Living in Kilkenny, there is no shortage of well-established choirs but I am looking for one with a difference…one for People with Parkinson’s, their families and friends, and any others with similar conditions who may be invited to join us. The benefits of singing in a group for people with Parkinson’s have been well researched (http://www.canterbury.ac.uk/Research/Centres/SDHR/Documents/SingingandpeoplewithParkinsons.pdf) and one only has to read a blog by Carol Grimes (www.iavmt.org/documents/carolgrimessingforjoy.pdf) to discover first-hand accounts of the benefits of belonging to such choirs for people like ourselves who can so easily slip into depression, apathy and isolation dwelling on things we can no longer do rather on those we can.

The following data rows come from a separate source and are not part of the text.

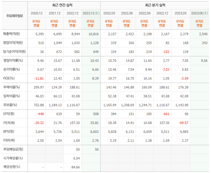 2022년 매출은 8944억, 영업이익은 1035억, 당기순이익은 582억입니다. 그리고 영업이익률은 11.58%입니다.
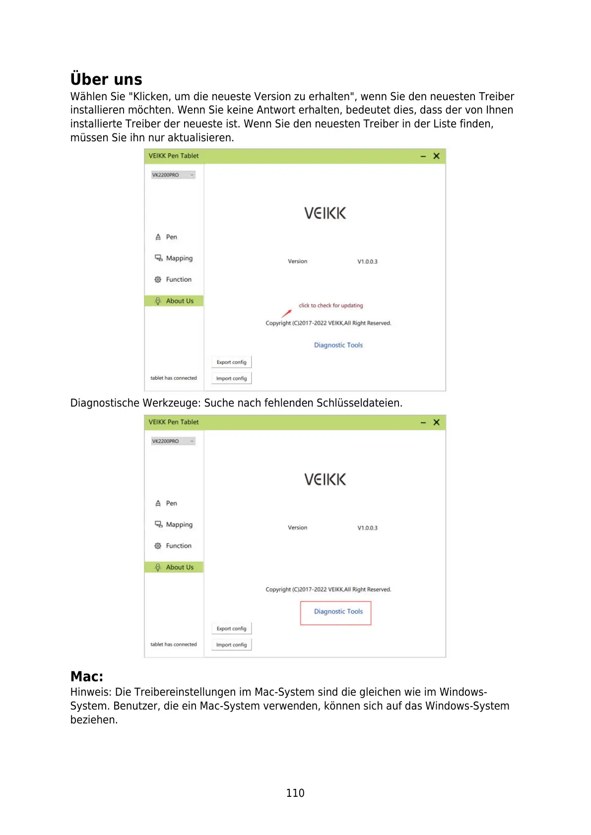 Hinweis: Die Treibereinstellungen im Mac-System sind die gleichen wie im Windows-
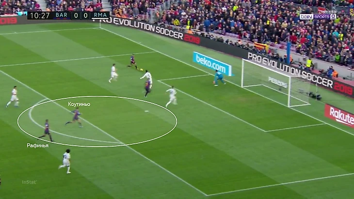 Проявилась и еще одна постоянная проблема – полупозиция Модрича и Крооса. Они не оказывали постоянного давления на полузащитников «Барсы», но в то же время не опускались достаточно глубоко, чтобы помогать против Рафиньи и Коутиньо в опорной. Результат – оба бразильца готовы были замыкать пас Альбы:
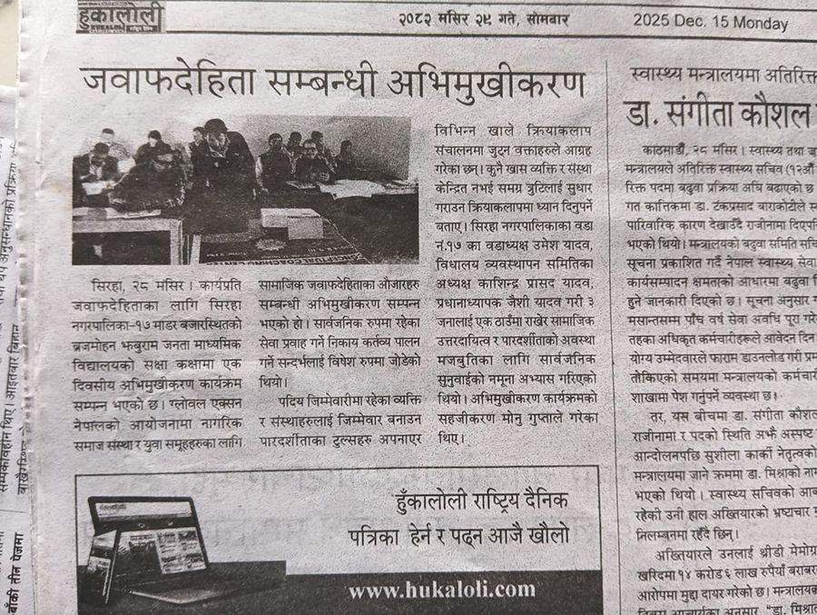 सिरहा, २८ मंसिर । कार्यप्रति जवाफदेहिताका लागि सिरहा नगरपालिका- १७ माडर बजारस्थितको ब्रजमोहन झबुराम जनता माध्यमिक विद्यालयको सक्षा कक्षामा एक दिवसीय अभिमुखीकरण कार्यक्रम सम्पन्न भएको छ ।
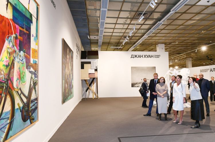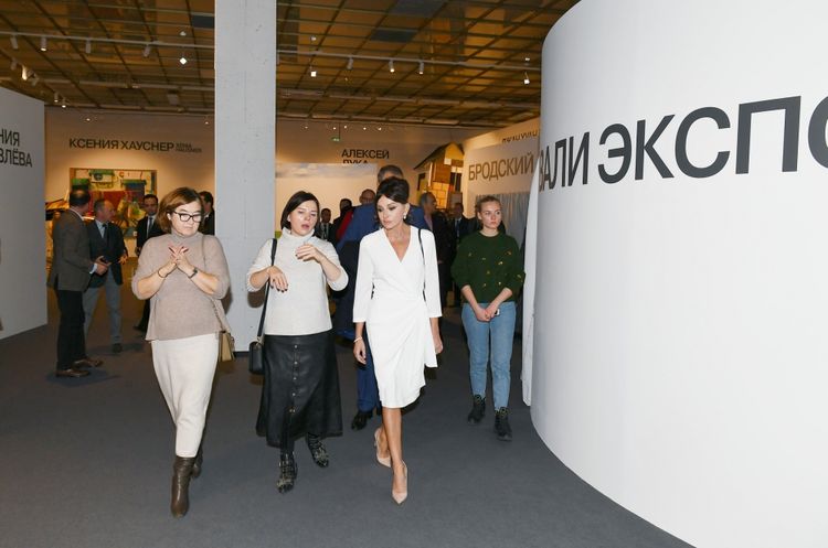 Birinci vitse-prezident Mehriban Əliyevanı Dövlət Tretyakov Qalereyasının direktoru Zelfira Trequlova və Moskva Beynəlxalq Müasir İncəsənət Biennalesinin kuratoru Yuliya Muzıkantskaya qarşılayıblar.
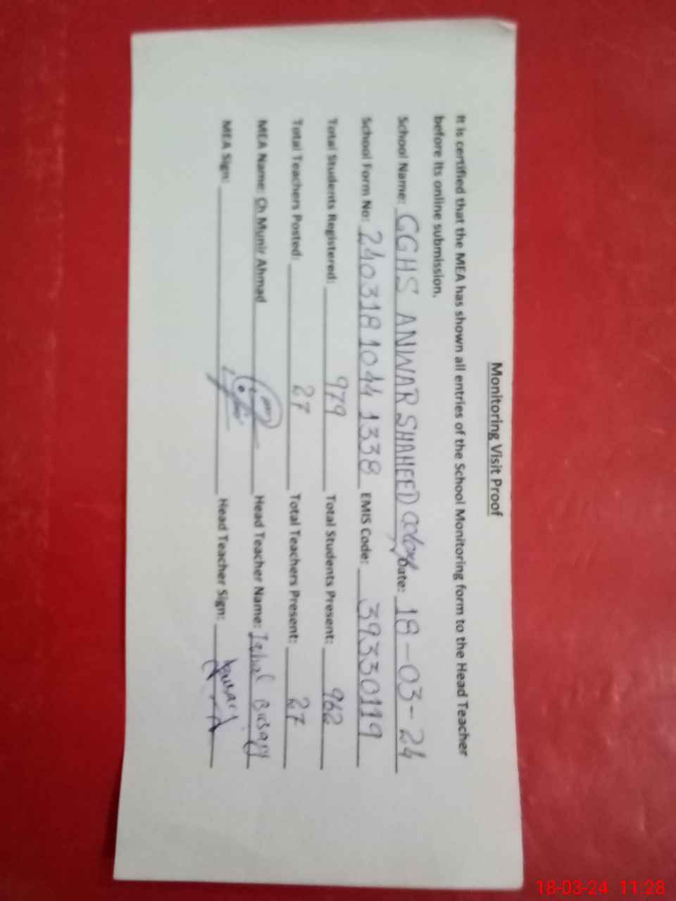| Attendance Register | Head Teacher | MEA with School | Visit Proof |

Winning the Arthur Guinness Award has set the wheels in motion and M4P are now actively exploring the possibility of establishing a similar choir in Kilkenny. I am keeping everything crossed and am confident that Mags and her team will leave no stone unturned. This may seem like a challenge in a rural area like Kilkenny but M4P believes passionately that it is possible to live well with Parkinson’s, that there is hope and that we absolutely can have joy and laughter in our lives.
So on that note….why shouldn’t we “Dare to Dream”‘ in Kilkenny. We too will be able to enjoy the fun and friendships so important for our continued well-being and it comes more or less guaranteed in a small community choir of the kind envisaged. A diagnosis of Parkinson’s may be for life but that need not exclude us from living well . So, ‘C’mon on all you Katz’….let’s find our voices and start our own choir in Kilkenny.

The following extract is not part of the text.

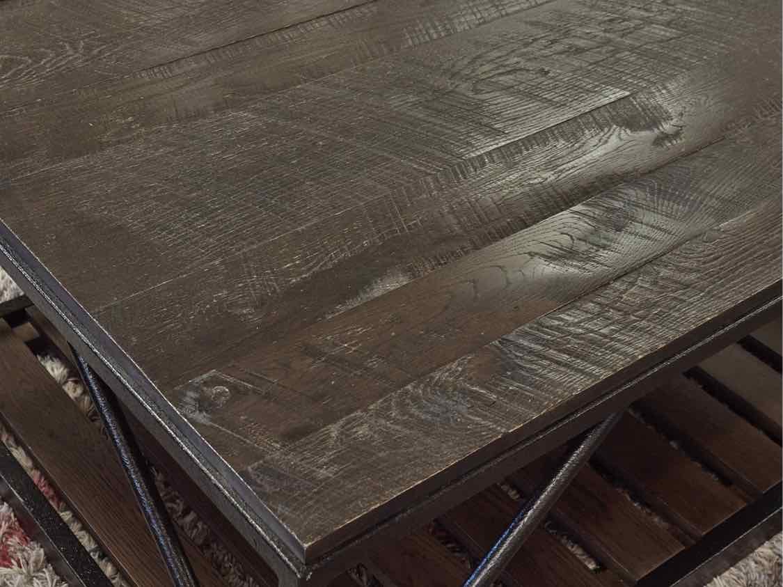"Casual Traditions" cocktail table with black rustic top on metal frame with lower shelf
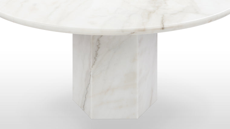A contemporary take on the pedestal base table, the Saga dining table features a hexagonal plinth base, meaning lots of room underneath to squeeze in extra diners and a clean, linear silhouette.

Now that is something worth singing about!
About the Author:
Marie MorrisDiagnosed with Parkinson’s in 2010 (Symptoms since 2005), Marie’s career is in Special Education.

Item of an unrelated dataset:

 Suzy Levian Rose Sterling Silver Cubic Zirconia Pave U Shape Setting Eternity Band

Having Travelled extensively, Marie and husband Terence are now happily settled in Kilkenny to be near their grandchildren, two cats and one very spoiled dog.
While not part of their original plan for retirement, PD has placed its feet firmly under their table. Their decision to blog for M4P gives a glimpse into their world and the ways in which they are learning to deal with their uninvited guest.